What to Know
- New estimate puts Florida's coronavirus peak at April 21
- The estimate still predicts around 6,800 people will die in Florida from COVID-19
- The number of COVID-19 deaths in the United States may reach about 81,000, the estimate says
The number of COVID-19 deaths in the United States may reach about 81,000, a 13-percent decrease from last week's estimate from the University of Washington's Institute for Health Metrics and Evaluation.
The main reason, the researchers say, is evidence social distancing is having a big impact.
At the state level, the institute now estimates demand in Florida for hospital resources will peak on April 21, 12 days sooner than it was predicting last week.
The models are based in part on data from areas already hit with the virus, and how and when those areas instituted school closures, business closures and social distancing.

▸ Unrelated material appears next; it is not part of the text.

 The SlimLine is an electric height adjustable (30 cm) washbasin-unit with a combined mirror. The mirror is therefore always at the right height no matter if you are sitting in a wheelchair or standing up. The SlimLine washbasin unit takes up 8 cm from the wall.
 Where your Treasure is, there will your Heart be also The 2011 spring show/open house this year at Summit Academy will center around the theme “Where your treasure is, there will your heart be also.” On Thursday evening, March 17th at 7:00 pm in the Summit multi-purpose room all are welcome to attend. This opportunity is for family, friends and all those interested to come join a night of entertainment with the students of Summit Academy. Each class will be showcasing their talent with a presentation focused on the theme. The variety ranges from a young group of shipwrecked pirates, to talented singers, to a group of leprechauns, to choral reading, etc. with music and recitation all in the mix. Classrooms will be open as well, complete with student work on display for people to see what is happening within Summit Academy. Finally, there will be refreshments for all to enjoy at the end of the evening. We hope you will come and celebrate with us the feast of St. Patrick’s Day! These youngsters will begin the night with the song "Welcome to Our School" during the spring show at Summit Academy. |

They predict Florida will have enough overall hospital beds to handle that peak in patients, although it may need an additional 769 intensive care unit beds.

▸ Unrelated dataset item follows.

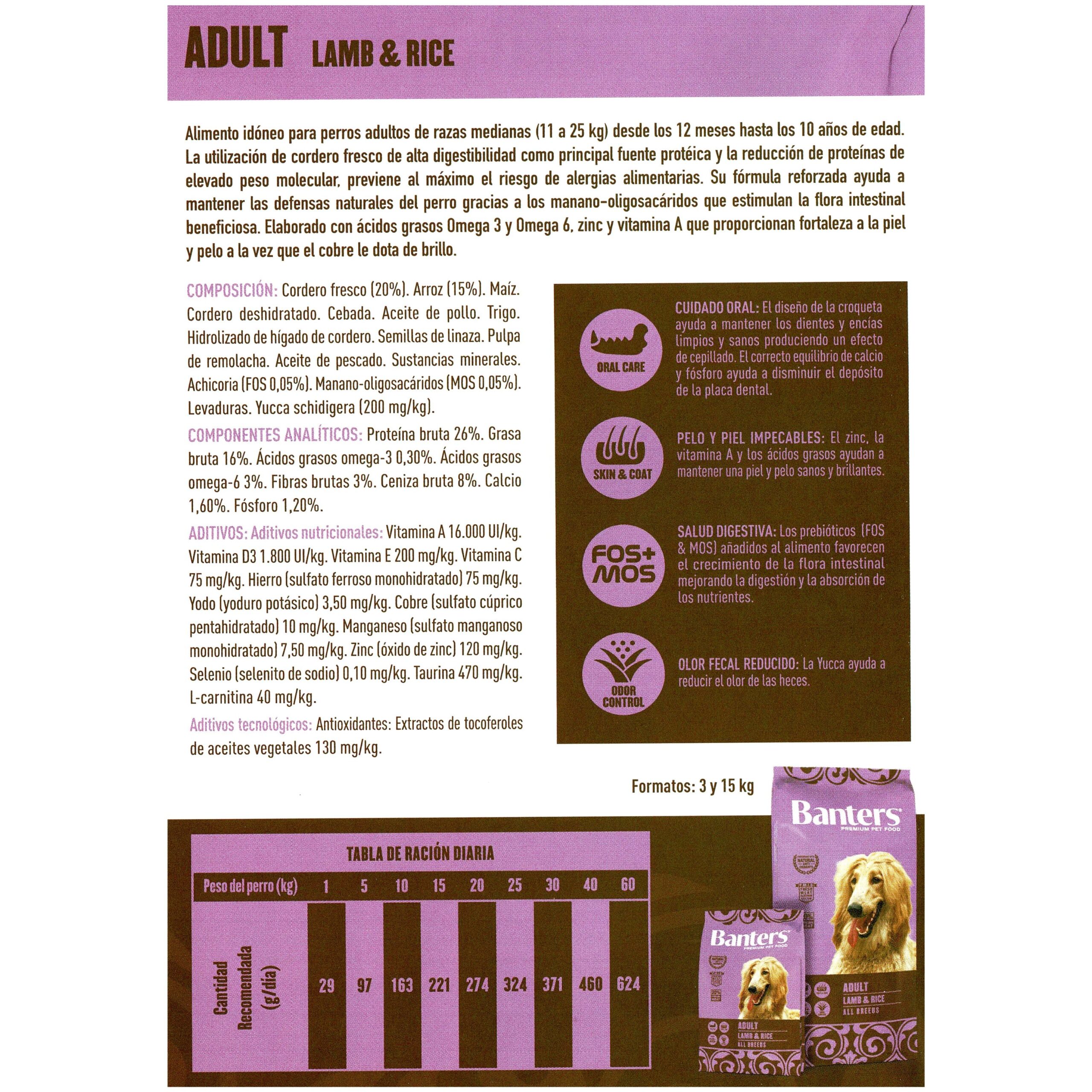 Banters Adult Lamb & Rice ALIMENTO COMPLETO para PERROS ADULTOS Alimento idóneo para perros adultos de razas medianas (11 a 25 kg) desde los 12 meses hasta los 10 años de edad. La utilización de carne de cordero fresca de alta digestibilidad como principal fuente protéica y la reducción de proteínas de elevado peso molecular, previene al máximo el riesgo de alergias alimentarias. Su fórmula reforzada ayuda a mantener las defensas naturales del perro gracias a los mananooligosacáridos que estimulan la flora intestinal beneficiosa. Elaborado con ácidos grasos Omega 3 y Omega 6, zinc y vitamina A que proporcionan fortaleza a la piel y pelo a la vez que el cobre la dota de brillo.INGREDIENTES: Cordero freso (20%), Arroz (15%), Maiz, Cordero deshudratado, Cebada, Aceite de pollo, Trigo, Hidrolizado de higado de cordero, Semillas de Linaza, Pulpa de Remolacha, Aceite de pescado, Sustancias minerales, Achicoria (FOS 0.05%), Manano-oligosacaridos (MOS 0.05%), Levaduras, Yucca schidigera (200mg/kg)CONSTITUYENTES ANALITICOS: Proteína bruta 26,00 %, grasas brutos 16,00 %, acidos grasos Omega-3 0.30%, Acido grasos Omega-6 3%, Fibras brura 3%, Ceniza bruta 8%, Calcio 1.6%, Fosforo 1.20%ADITIVOS NUTRICIONALES:Vitamina A 16.000 UI/Kg. Vitamina D3 1.800 UI/Kg. Vitamina E 200 mg/Kg. Hierro (sulfato monohidratado) 75 mg/Kg. Yodo (Yoduro pota´sico) 3,5 mg/Kg. Cobre (Sulfato pentahidratado) 10 mg/Kg. Manganeso (sulfato monohidratado) 7,5 mg/Kg. Zinc (oxido) 150 mg/Kg. Selenio 0,2 mg/Kg. Taurina 470 mg/Kg. L- carnitina 40 mg/Kg.TECNOLOGICOS:Antioxidantes naturales (tocoferoles).Instrucciones de AlimentaciónAl realizar un cambio en la alimentación, se recomienda introducir gradualmente el nuevo alimento durante los 3 primeros días. Alimentar a la mascota con dos tomas diarias, según recomendación orientativa de la Tabla de Ración diaria. Su mascota puede comer más o menos dependiendo de su edad, temperamento y nivel de actividad. Disponer de agua fresca a libre disposición de la mascota. Conservar el producto en lugar fresco y seco.Tabla de Ración DiariaPesoGramosHasta 5 kg.49 – 97 g/día5 – 10 kg.97 – 163 g/día10 – 20 kg.163 – 274 g/día20 – 30 kg.274 – 371 g/día30 – 40 Kg. 371 – 460 g/día 40 – 50 Kg. 460 – 544 g/día 50 – 60 Kg. 544 – 624 g/día Beneficios- Mejora el sistema inmunitario gracias a los ácidos grasos esenciales Omega 3 y Omega 6- Favorece el tracto digestivo tras la combinación de los prebióticos: FOS y MOS- Protectores de piel y pelo gracias a la relación óptima Zinc, Cobre, Vitamina A y tocoferoles- Control del cuidado dental, Óptima relación calcio / fósforo en combinación con la fibra dietética- Carne fresca como la mejor fuente protéica que genera mayor digestibilidad y calidad del producto

The numbers are just estimates and include wide margins of uncertainty, so the the peak dates and numbers will likely change, perhaps significantly.
But researchers report the numbers coming down as more data is coming in showing fewer people dying and patients being discharged from hospitals sooner than previously anticipated -- as long as they are not admitted into ICUs.
In Florida, though, the number of estimated deaths through the virus' "first wave," ending August 4, did not change by much in the institue's latest revision Sunday night.
It still predicts around 6,800 people will die in Florida, 242 of them on what they believe will be the peak date, April 21.